I also abhorred everything the show did to recast Reapers – once brilliantly unique beings with their own established lore – as angels, especially creating “rogue Reapers” in “Taxi Driver” negating everything that happened in season six, and prompting Reaper Tessa’s suicide-by-Dean in “Stairway To Heaven.” I’m sorry, but no: I can’t go there. At all. Apologies to new Reaper Billie (beautifully portrayed by Lisa Berry) and to Tessa, but Reapers simply aren’t angels – not according to all the show’s pre-Carver lore. I flatly refuse to buy the Carver’s rewrite on this topic. I’ve written about this before and I simply won’t again. With respect to this subject, I’m done.

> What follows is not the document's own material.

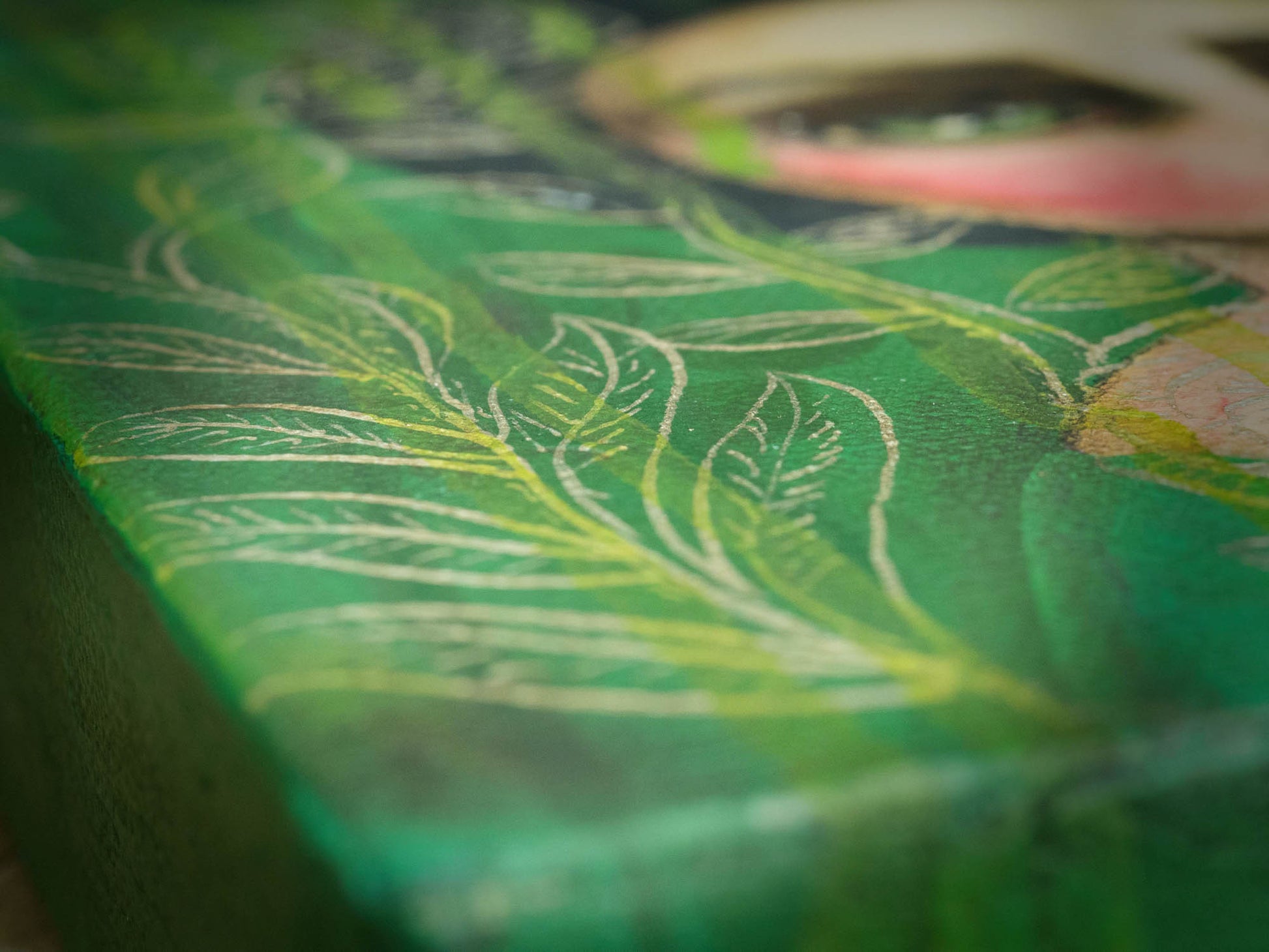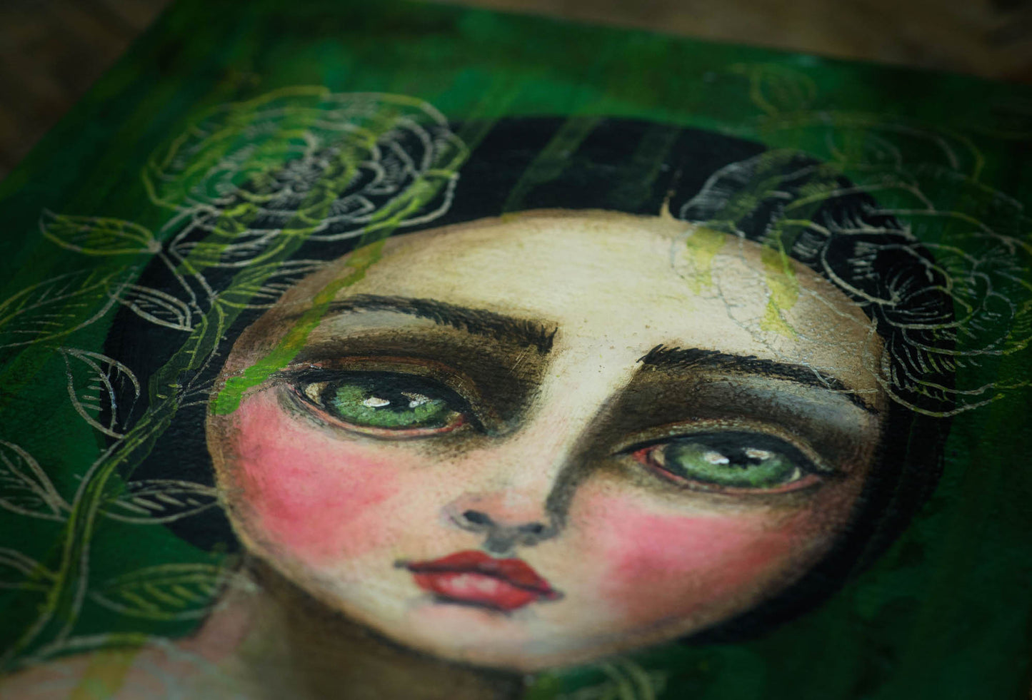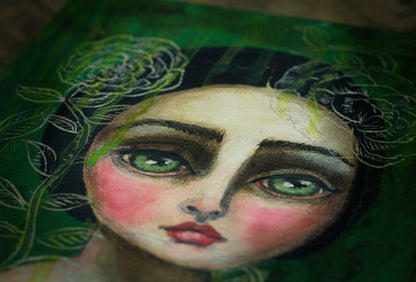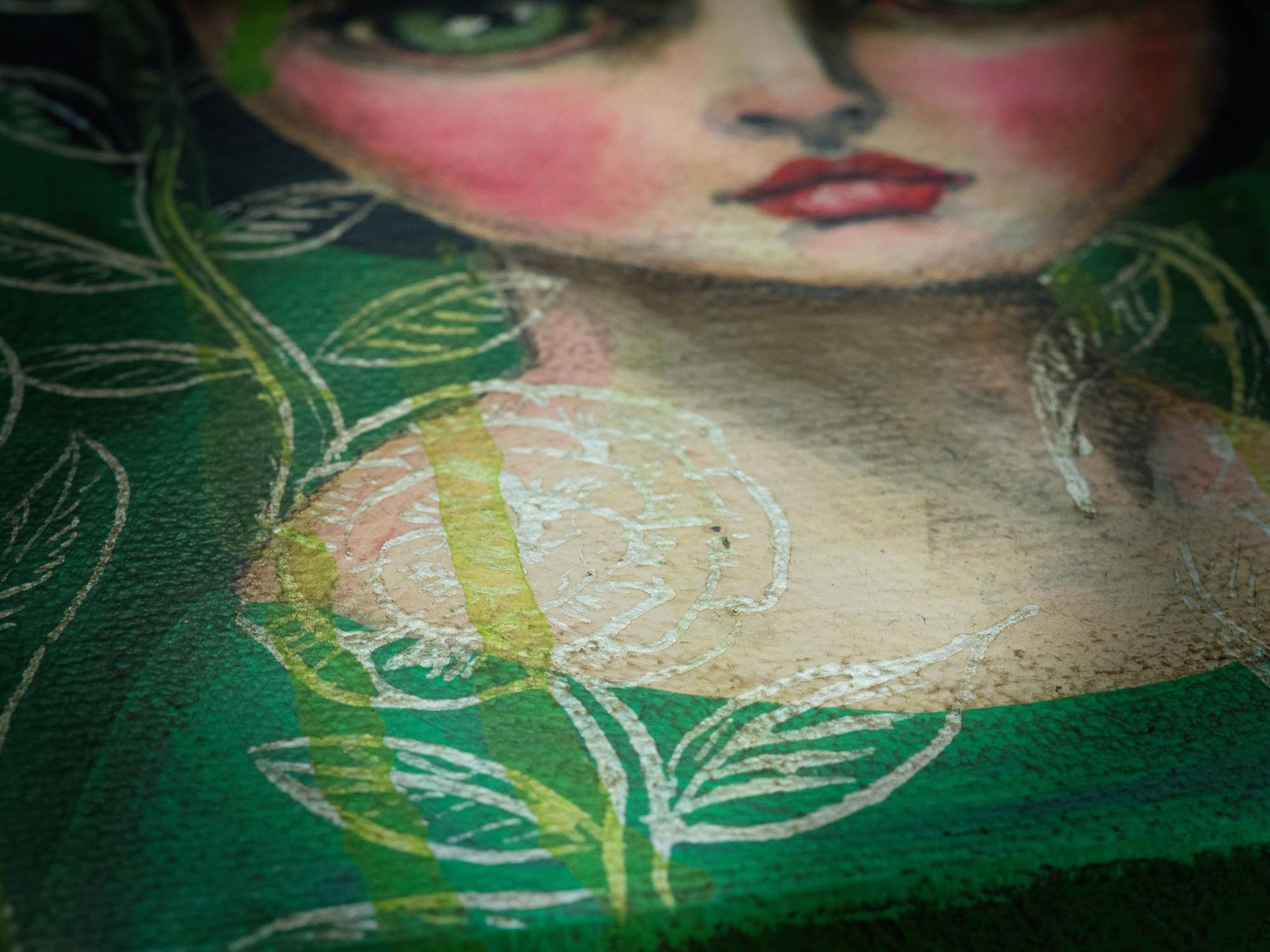 This portrait painting on canvas was created by me, Danita. Inspired by the organic forms of flowers and the beautiful green of foliage, I created a whimsical, yet surreal portrait of a girl with huge green eyes.

And I can’t say without expletives how much I disliked the very idea of individual angels and demons – both possessing innocent, absolutely ignorant humans – hanging out and commiserating together in a bar in “The Bad Seed.” I remember how thoroughly terrified of angels Ruby was way back in “Are You There, God? It’s Me, Dean Winchester,” and the absolute disdain angels had for all demons as abominations (hello, perversions of dead human souls depraved by Lucifer’s and other demons’ machinations) throughout season four and beyond. Where on earth – or in whatever bad imagination – could someone come up with ANY demons and angels sharing a common interest in how bad things have become for all of them? To me, that scene was indicative of the contempt excessive familiarity has bred for both angels and demons – and treating them as the humans they always appear to be means the show has lost all sensitivity for the humans they’re actually possessing.
Conclusion
After all this, I must confess: I’m tired of endless politics. I’m tired of depressingly venal, human angels. I’m tired of repetitive demons and mundane depictions of Hell. And I’ll admit, as I’ve said before, I have no tolerance at all for the show’s current obsession with all-powerful witches. Hell: God’s become nothing more than the first witch, creating spells and embodying them in his various “Word of God” tablets and the Mark of Cain. I frankly don’t care any more about the relationships among God, the Darkness Amara, angels, demons, Heaven, Purgatory, and Hell, because they’ve warped so often that none of them make any sense to me. I care only about the Winchester brothers and the folk – both human and otherwise – they’re still trying to protect.
I still love Sam and Dean. They are why I continue to tune in. But the show’s cosmology or purported underlying logic? Sorry. I have to turn off my analytical brain these days to watch episodes with any enjoyment at all for things beyond lovely performances, cinematography, set design, and overall production quality.
That makes me sad.
I’ll still watch and appreciate the pretty. I’ll just try not to think too much. And I won’t write any more about angels.